With both my wife and I having academic degrees in mathematics and computer science and both of us working with software development, it is perhaps not surprising if our kids take an interest in STEM (science, technology, engineering, mathematics). Anyhow, still great to have such an opportunity.

My son joined a class of 13 with three instructors, all STEM university students. Mornings they worked on programming, afternoons they did various science experiments, building rockets and making ice cream from liquid nitrogen.

Sounds like he had a blast. I was curious to see how they approached teaching programming so I looked into it.

Browsing through my boardgames collection for miniatures to paint, I found 12 finely detailed survivors in This War of Mine. It was fun to paint realistic, contemporary characters.

Game development with Codepad

The summer school used Lua scripts running on Codepad with a Defold game engine underneath.

Codepad is an online compiler/interpreter. Lua is a lightweight scripting language. Defold is a 2D game engine for web and mobile.

Each day they got a new example game to work on. The games were unfinished: They would run but lacked features. The task was to add features by modifying existing scripts, very much like how most development is done in the real world. Except, here there was documentation.

I tried out one of the exercises. Nice! Here the game is Space Cleaner, a side scrolling shoot-em-up. The game is already running and you can try it out in the bottom right corner. Instructions on the left tells you to find and modify the script that implement movement of the space ship. You copy- paste-edit the lines and restart the script and now the game is already more fun to play!

It is both full circle and a frog leap: This is the kind of games I played as a kid in the 1980ies, but the means and effort for me to build such a game would have been far greater.

Sadly, This War of Mine is even more relevant now than when it came out.

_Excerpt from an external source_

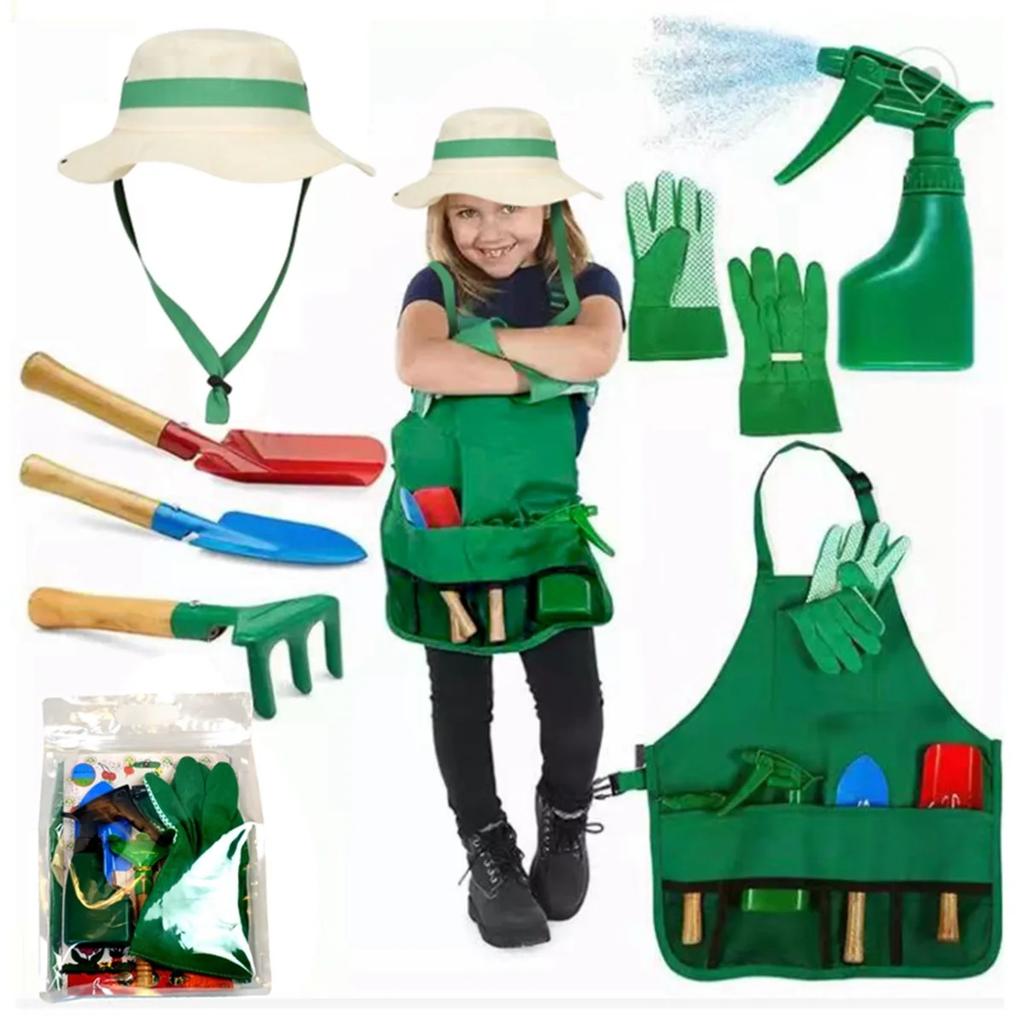Set de 7 piezas Delantal de Jardín para Niños Set de Herramientas Guantes de Jardín Cultivar Flores Jugar Cosplay Juguetes de Ciencia Fiesta de Niñas Disfraces de Cosplay
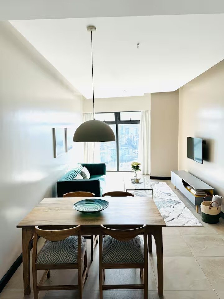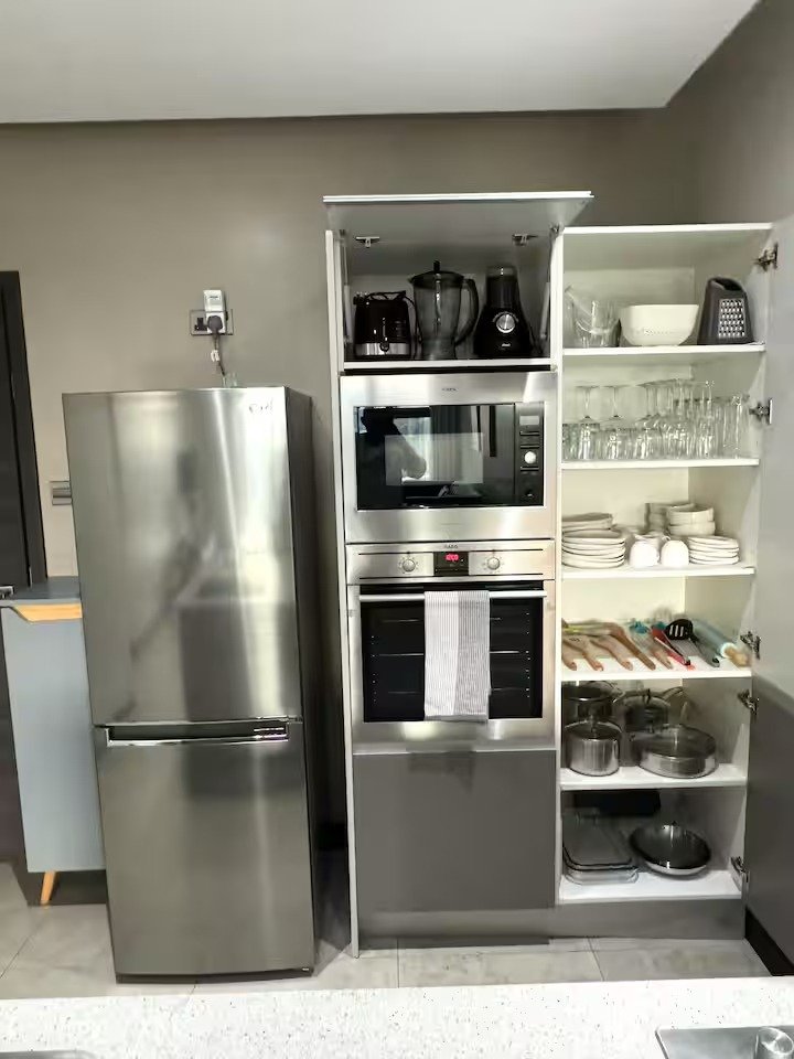 There is a fully fitted – open plan kitchen with 2 high stools on the counter, perfect for hosting a friend or two as you prepare a meal and catch up over a glass of wine. The kitchen appliances are high end from AEG featuring a 4 burner stove top, hood, oven, microwave and dishwasher. Furthermore, the host has thought of every detail to make this a perfect space by provision of champagne flutes, highball glasses, whisky glasses & wine glasses; as well as high end cookware and chinaware. The listing also comes with a 4 seater dining table, with an accent pendant sitting on top of the dining space.

It sits unplayed on my shelf, a heavy theme. Perhaps when the war in Ukraine has ended, it can be a tool to reconnect with the people who right now endures the uncertainty and dilemmas portrayed in the game.

Forever free

Defold is a free game engine developed by a couple of smart engineers at King, the Swedish game studio behind Candy Crush. However, it is not owned by King: Back in 2020, Defold was handed over to the Defold Foundation with the explicit objective to prevent Defold from being commercialised by a third-party. Not today, not tomorrow, not ever.

A gift for future generations. Let's see what they will do with it. Now there is one more aspiring game developer who knows how to use it.